- Professor Dr. Nurul Alam Khan

1st Vice-chancellor of the Royal University of Dhaka
- In office January 2010 – May 2011
- Chancellor: Zillur Rahman
- Succeeded by: Hasan Imtiaz Chowdhury

Personal details
- Born: 15 May 1942 Bera, Pabna, Bengal Presidency, British India (now in Bangladesh)
- Died: 31 August 2025 (aged 83) Dhaka, Bangladesh
- Relations: Osman Ghani Khan (Brother)
- Education: Ph.D. (Mathematics)
- Alma mater: Dhaka University; Charles University; Jagannath College;

= Nurul Alam Khan =

Bangladeshi educator and mathematician

Nurul Alam Khan (15 March 1942 – 31 August 2025) was a Bangladeshi educator, mathematician, and former professor of mathematics. He served as the first Vice-Chancellor of the Royal University of Dhaka and held various academic positions at universities in Bangladesh and abroad. He is known for his leadership roles in academic institutions and his active involvement in the Bangladesh Mathematical Society.

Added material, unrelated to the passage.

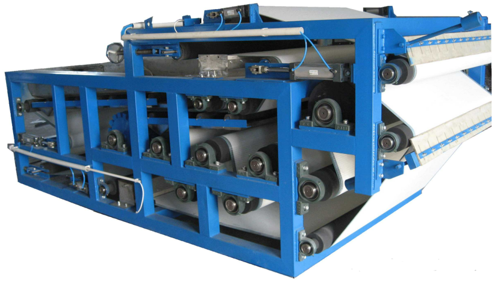 结构特点:由两条滤带夹持物料,通过辊压装置连续挤压脱水。

==Early life and education==
Nurul Alam Khan was born on 15 March 1942, in Bara, Pabna district. He completed his matriculation from Dhobakhola Coronation High School in 1957, and his I.Sc. from Jagannath College in 1959. He then attended Dhaka University, where he earned his honors degree and completed his master's degree in 1964. He earned his Ph.D. from Charles University, Prague, in 1970.

==Career==
Khan began his academic career as a lecturer at University of Dhaka in 1965. He held various academic positions including University of Chittagong, University of Mosul, Al-Mustansiriya University, and Al-Fateh University. In 1991, he joined Jahangirnagar University, where he held numerous leadership roles until his retirement in 2007.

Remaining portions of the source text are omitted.